New Model, New Assistant, New High-Watermark
OpenAI announcements wow the world

What it is: Like many in the AI space, we spent Monday afternoon watching and dissecting OpenAI’s livestream of several announcements: the release of its latest public model dubbed GPT-4o (“o” is for “omni” signifying the model’s multi-modal nature); the availability of its newest model for free (sorry ChatGPT Plus folks) to all public users; a supercharged AI personal assistant able to respond in real-time(ish) to text, video, image, and sound prompts live; and finally, a Mac desktop app that allows OpenAI’s GPT models to interface directly with users’ desktops.

What it means - GPT-4o: There’s a new gold standard for LLMs (Large Language Models) and MMMs (Multi Modal Models). This year, as predicted, we’ve seen open models approach, match, and surpass the capabilities of GPT-4 (released over a year ago). Unfortunately the closed and proprietary nature of OpenAI’s model means that open science (aka open source) researchers are left guessing when it comes to understanding the underlying architecture of OpenAI’s first MMM designed as such from inception (prior MMMs were a mix of distinct models). For proponents of the democratization of AI, the trend of companies benefitting from the public contributions of the open science community to iterate and improve their private models while contributing nothing in return is a troubling trend. That said, the open science engine of innovation has been firing on progressively more cylinders, as more altruistic entities (academics, institutions, companies) join the ranks.

What it means - AI for the masses: Gripes about closed models aside, we are pleased with OpenAI’s follow-through on its commitment to make game-changing AI tools available to all. While the value prop for ChatGPT Plus users vs. free users seems to be evaporating, the broader availability of the best AI model in the world is a societal good.

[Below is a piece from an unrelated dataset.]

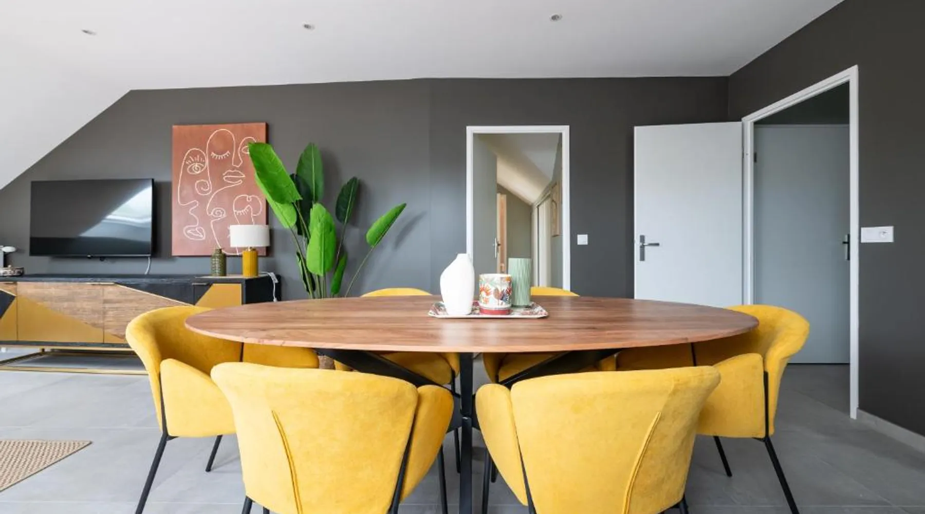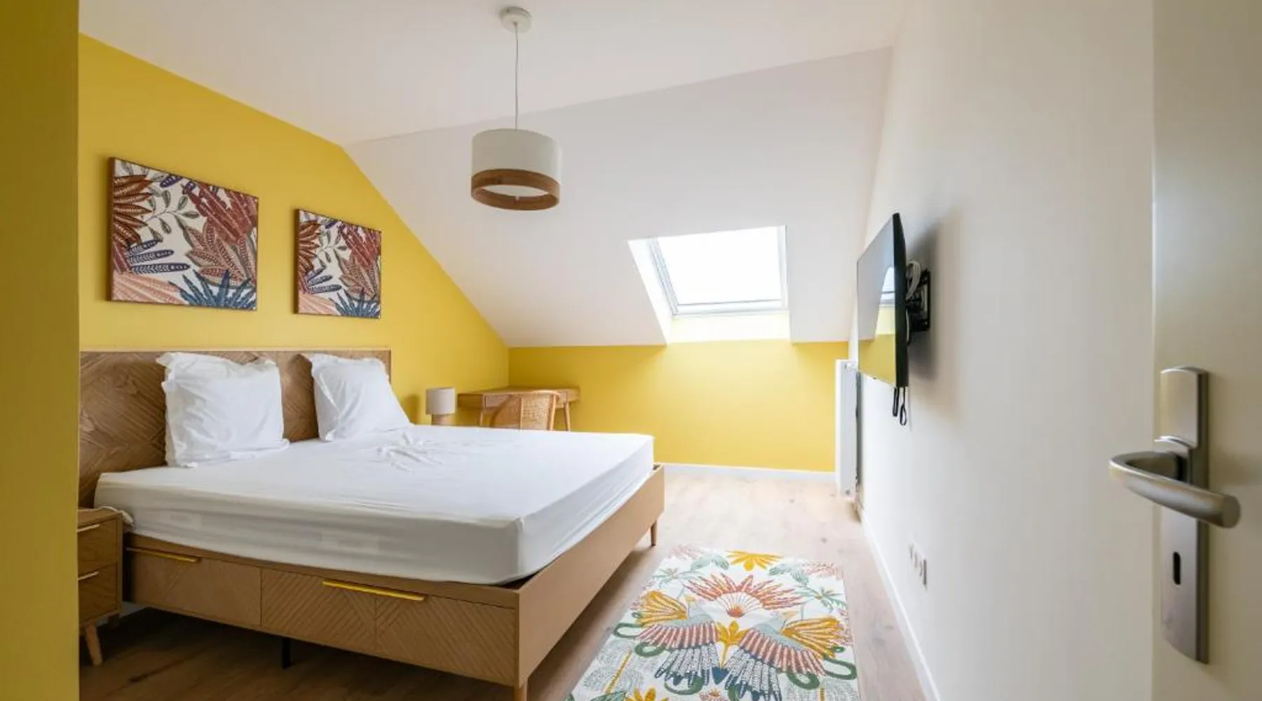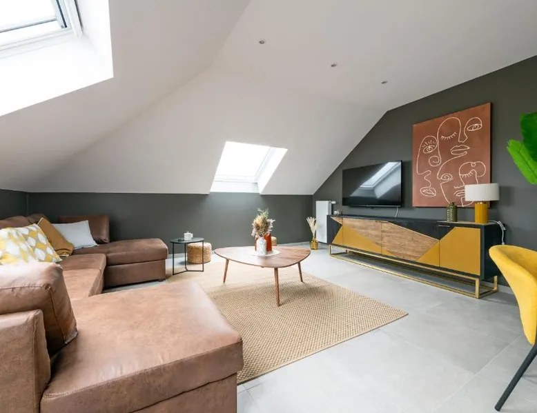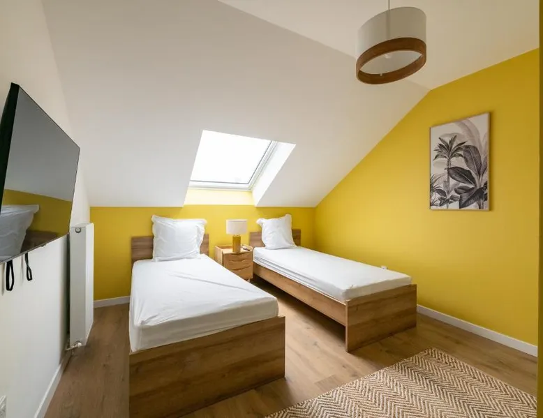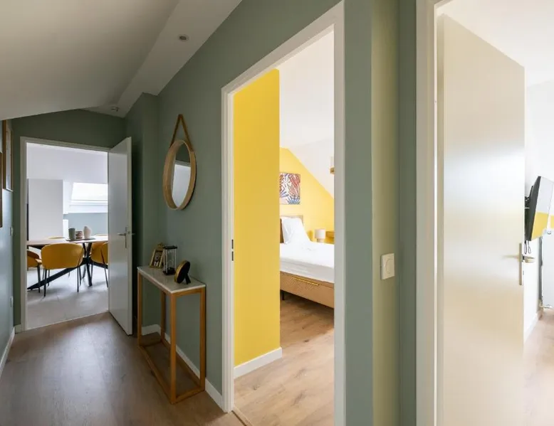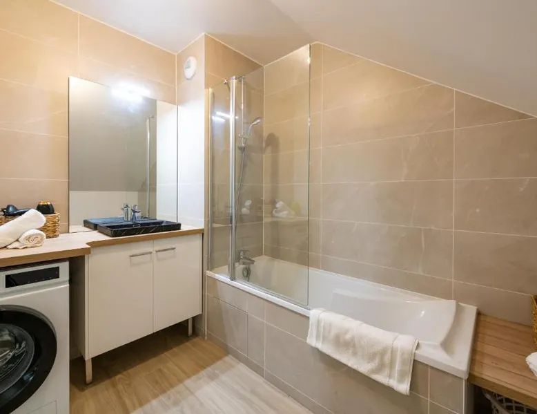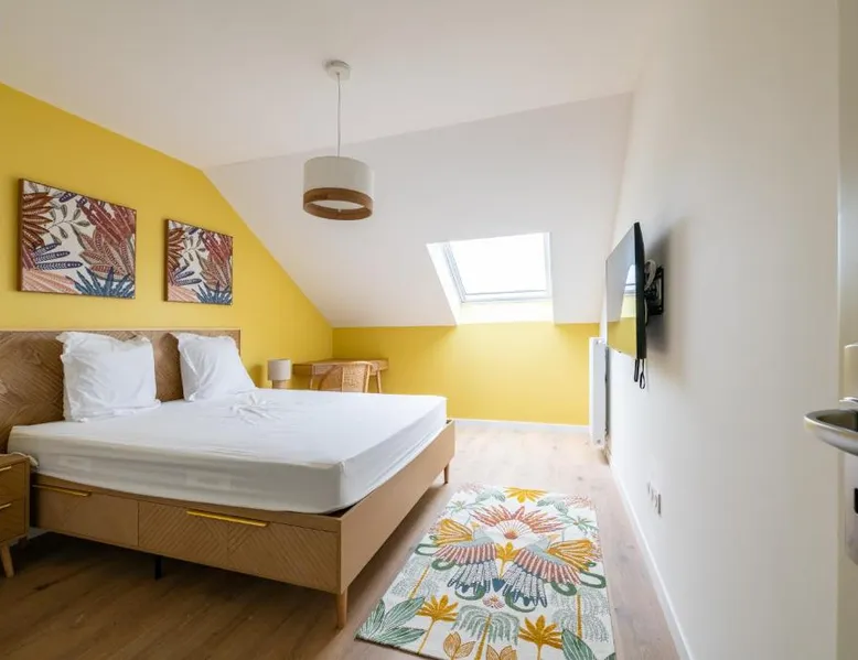 Spacious Accommodations: Élégance & Confort pr 6 à Disney - Fairytale Factory in Saint-Germain-sur-Morin offers a spacious apartment with two bedrooms and a living room. The property features parquet floors and a dining area. Modern Amenities: Guests enjoy free WiFi, a elevator, and free on-site private parking. The apartment includes a kitchenette with a coffee machine, microwave, and dishwasher. Additional amenities include a washing machine, dining table, sofa bed, and TV. Convenient Location: Located 16 mi from Paris Charles de Gaulle Airport, the apartment is 4.3 mi from Disneyland Paris and 5.6 mi from Val d'Europe RER Station. Nearby attractions include Domaine de Chaalis (25 mi) and Parc Asterix Amusement Park (30 mi). Highly rated by guests. In the fully equipped kitchen, guests will find a stovetop, a refrigerator, a dishwasher and kitchenware. The spacious apartment features a flat-screen TV, a washing machine, a tea and coffee maker, a seating area as well as city views. The unit has 4 beds.

Regardless of background, geography, or level of education, anyone with an internet connection will be able to access GPT-4o’s multimodal capabilities. The model’s ability to process text, sound, video, and image content means that even communities with lower levels of literacy can apply and learn from these tools. This may be the best example in recent decades of a rising tide that can truly lift all ships.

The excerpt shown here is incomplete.